**Directions for this task**.
Report, from the records below, every line where the word "errors" appears.

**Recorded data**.
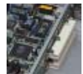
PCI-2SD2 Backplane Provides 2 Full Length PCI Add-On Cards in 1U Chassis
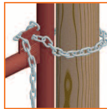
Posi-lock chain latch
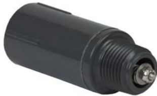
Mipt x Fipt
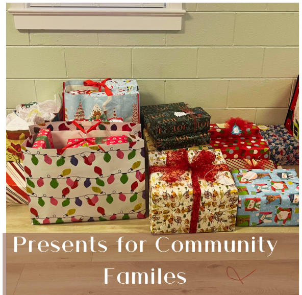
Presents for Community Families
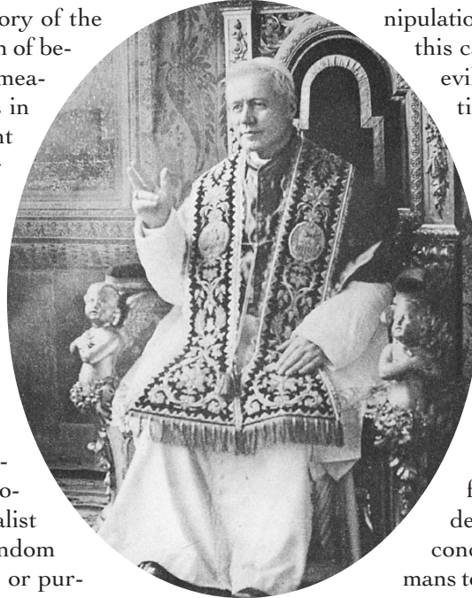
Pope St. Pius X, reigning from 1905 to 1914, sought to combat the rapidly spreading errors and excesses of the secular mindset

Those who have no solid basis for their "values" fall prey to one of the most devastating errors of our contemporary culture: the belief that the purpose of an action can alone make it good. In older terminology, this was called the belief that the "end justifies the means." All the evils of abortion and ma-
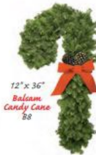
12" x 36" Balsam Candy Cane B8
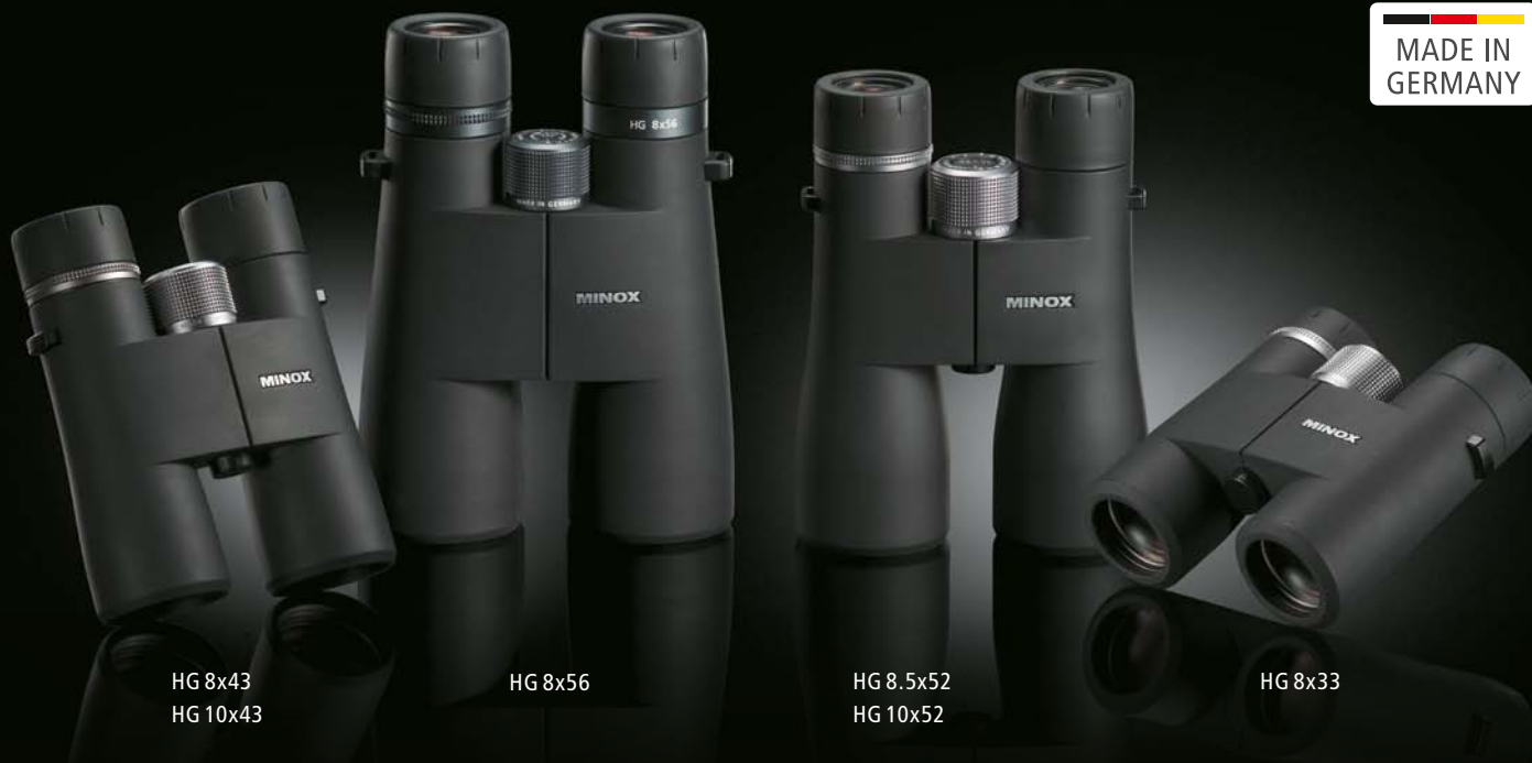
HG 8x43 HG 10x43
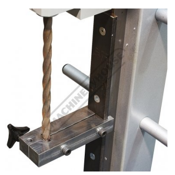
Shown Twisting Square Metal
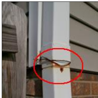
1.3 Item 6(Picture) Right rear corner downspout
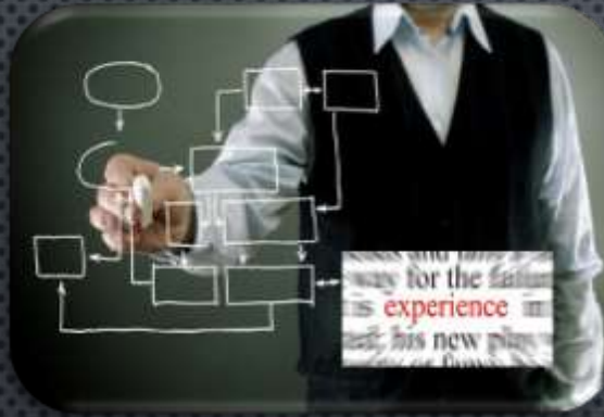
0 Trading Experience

**Solution for this problem**.
Pope St. Pius X, reigning from 1905 to 1914, sought to combat the rapidly spreading errors and excesses of the secular mindset
Those who have no solid basis for their "values" fall prey to one of the most devastating errors of our contemporary culture: the belief that the purpose of an action can alone make it good. In older terminology, this was called the belief that the "end justifies the means." All the evils of abortion and ma-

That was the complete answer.